[Problem statement]:
Which of the lines below hold the word "Participants"? Pull each of them out.

[Data supplied]:
----------------

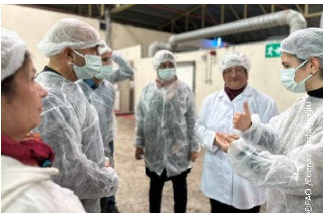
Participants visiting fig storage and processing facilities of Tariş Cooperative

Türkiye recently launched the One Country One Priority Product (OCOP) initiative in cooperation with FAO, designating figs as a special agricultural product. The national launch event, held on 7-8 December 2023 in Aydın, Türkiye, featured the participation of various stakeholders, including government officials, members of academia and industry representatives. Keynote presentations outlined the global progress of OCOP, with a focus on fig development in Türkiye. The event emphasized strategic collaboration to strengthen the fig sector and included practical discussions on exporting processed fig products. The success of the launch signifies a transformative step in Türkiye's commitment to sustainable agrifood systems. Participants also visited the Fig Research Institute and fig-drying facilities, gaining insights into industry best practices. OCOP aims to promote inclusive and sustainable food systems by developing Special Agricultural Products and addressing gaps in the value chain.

----------------

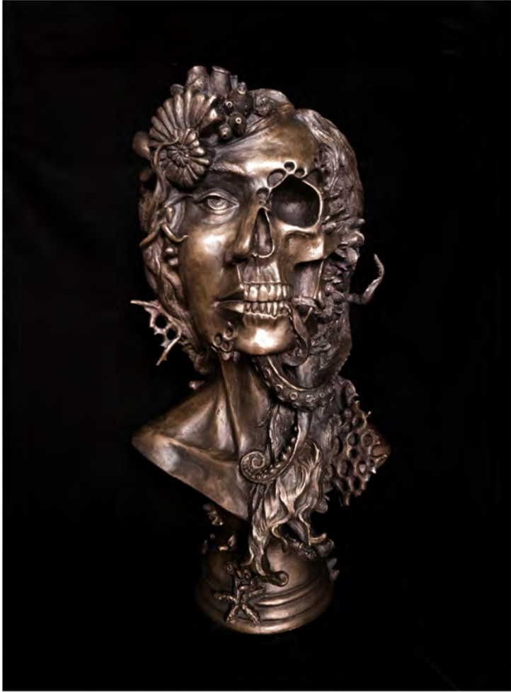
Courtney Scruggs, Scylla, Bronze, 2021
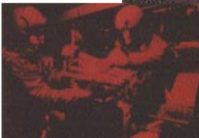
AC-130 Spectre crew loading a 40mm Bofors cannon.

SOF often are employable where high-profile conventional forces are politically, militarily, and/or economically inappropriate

----------------

[Reply]:
Participants visiting fig storage and processing facilities of Tariş Cooperative
Türkiye recently launched the One Country One Priority Product (OCOP) initiative in cooperation with FAO, designating figs as a special agricultural product. The national launch event, held on 7-8 December 2023 in Aydın, Türkiye, featured the participation of various stakeholders, including government officials, members of academia and industry representatives. Keynote presentations outlined the global progress of OCOP, with a focus on fig development in Türkiye. The event emphasized strategic collaboration to strengthen the fig sector and included practical discussions on exporting processed fig products. The success of the launch signifies a transformative step in Türkiye's commitment to sustainable agrifood systems. Participants also visited the Fig Research Institute and fig-drying facilities, gaining insights into industry best practices. OCOP aims to promote inclusive and sustainable food systems by developing Special Agricultural Products and addressing gaps in the value chain.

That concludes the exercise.